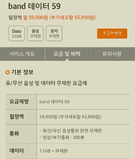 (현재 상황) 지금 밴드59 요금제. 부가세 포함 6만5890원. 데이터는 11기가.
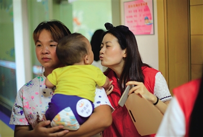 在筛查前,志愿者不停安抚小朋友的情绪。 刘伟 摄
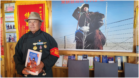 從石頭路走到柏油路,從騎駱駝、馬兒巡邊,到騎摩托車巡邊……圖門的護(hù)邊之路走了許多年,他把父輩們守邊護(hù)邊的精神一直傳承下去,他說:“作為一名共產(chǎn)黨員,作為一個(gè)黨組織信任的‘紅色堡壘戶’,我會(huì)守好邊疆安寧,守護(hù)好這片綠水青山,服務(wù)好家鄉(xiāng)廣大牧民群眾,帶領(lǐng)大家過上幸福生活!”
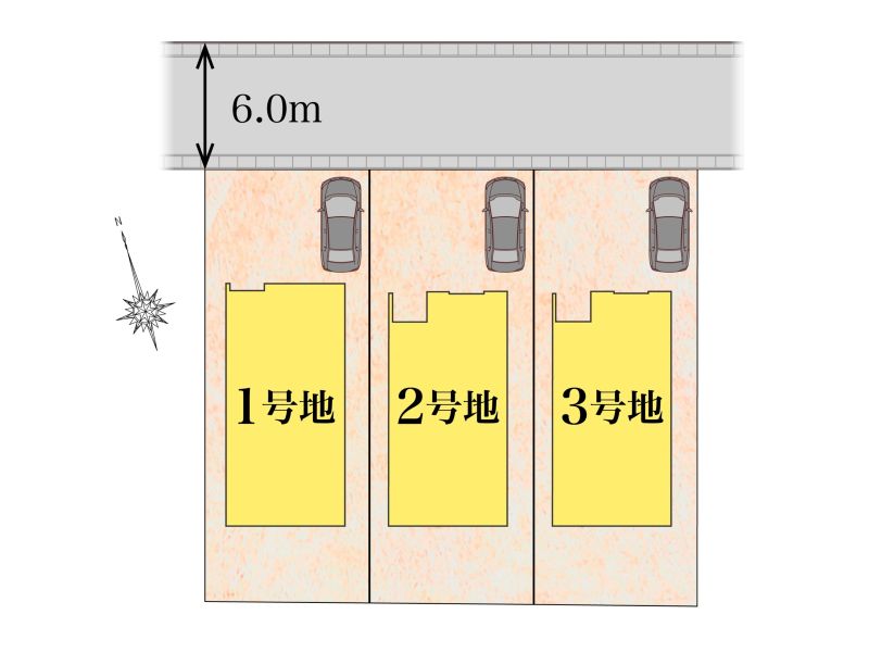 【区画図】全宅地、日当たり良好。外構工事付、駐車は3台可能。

**What to produce**:
All of the lines above should be retyped precisely, apart from the pictures.

**Response**:
 (현재 상황) 지금 밴드59 요금제. 부가세 포함 6만5890원. 데이터는 11기가.
 在筛查前,志愿者不停安抚小朋友的情绪。 刘伟 摄
 從石頭路走到柏油路,從騎駱駝、馬兒巡邊,到騎摩托車巡邊……圖門的護(hù)邊之路走了許多年,他把父輩們守邊護(hù)邊的精神一直傳承下去,他說:“作為一名共產(chǎn)黨員,作為一個(gè)黨組織信任的‘紅色堡壘戶’,我會(huì)守好邊疆安寧,守護(hù)好這片綠水青山,服務(wù)好家鄉(xiāng)廣大牧民群眾,帶領(lǐng)大家過上幸福生活!”
 【区画図】全宅地、日当たり良好。外構工事付、駐車は3台可能。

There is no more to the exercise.